◆ **Given information**
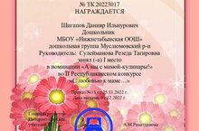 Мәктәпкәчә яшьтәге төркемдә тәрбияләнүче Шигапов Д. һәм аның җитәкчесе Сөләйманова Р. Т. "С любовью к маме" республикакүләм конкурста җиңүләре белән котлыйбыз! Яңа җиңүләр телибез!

...

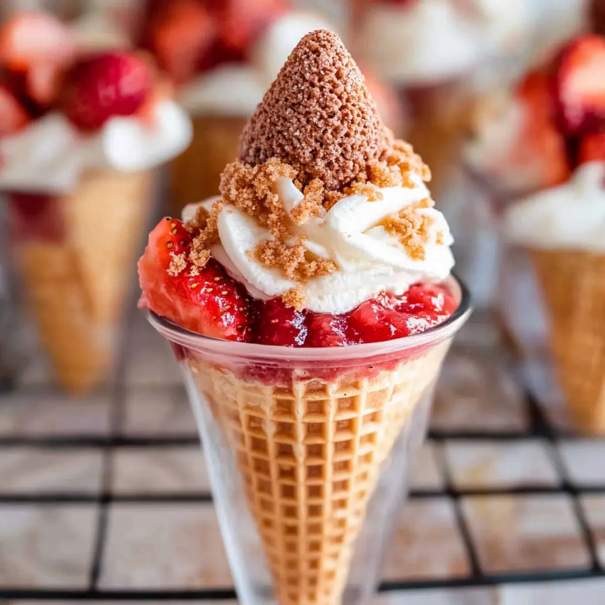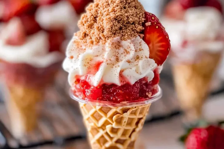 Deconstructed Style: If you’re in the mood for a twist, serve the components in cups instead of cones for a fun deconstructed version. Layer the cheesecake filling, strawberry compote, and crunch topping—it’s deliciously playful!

--

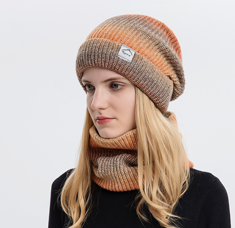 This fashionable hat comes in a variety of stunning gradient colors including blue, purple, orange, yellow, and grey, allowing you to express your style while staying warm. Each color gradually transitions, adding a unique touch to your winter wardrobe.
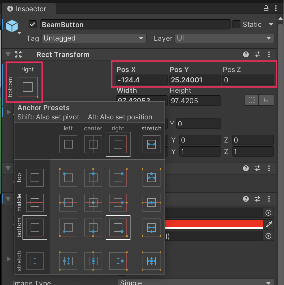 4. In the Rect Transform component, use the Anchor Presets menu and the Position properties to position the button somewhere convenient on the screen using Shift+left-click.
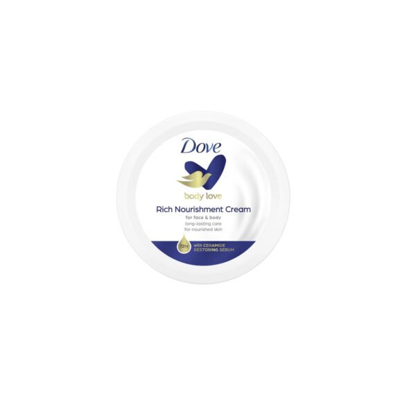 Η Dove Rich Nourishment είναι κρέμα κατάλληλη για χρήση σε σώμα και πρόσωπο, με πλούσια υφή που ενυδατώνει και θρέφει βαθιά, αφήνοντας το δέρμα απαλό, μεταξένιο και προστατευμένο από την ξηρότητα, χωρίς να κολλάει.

◆ **Directions**
Could the stretch from the line with "4. In the Rect" through the line with "Η Dove Rich" in the listing above be restated word for word, minus the pictures?

◆ **Worked solution**
 4. In the Rect Transform component, use the Anchor Presets menu and the Position properties to position the button somewhere convenient on the screen using Shift+left-click.
 Η Dove Rich Nourishment είναι κρέμα κατάλληλη για χρήση σε σώμα και πρόσωπο, με πλούσια υφή που ενυδατώνει και θρέφει βαθιά, αφήνοντας το δέρμα απαλό, μεταξένιο και προστατευμένο από την ξηρότητα, χωρίς να κολλάει.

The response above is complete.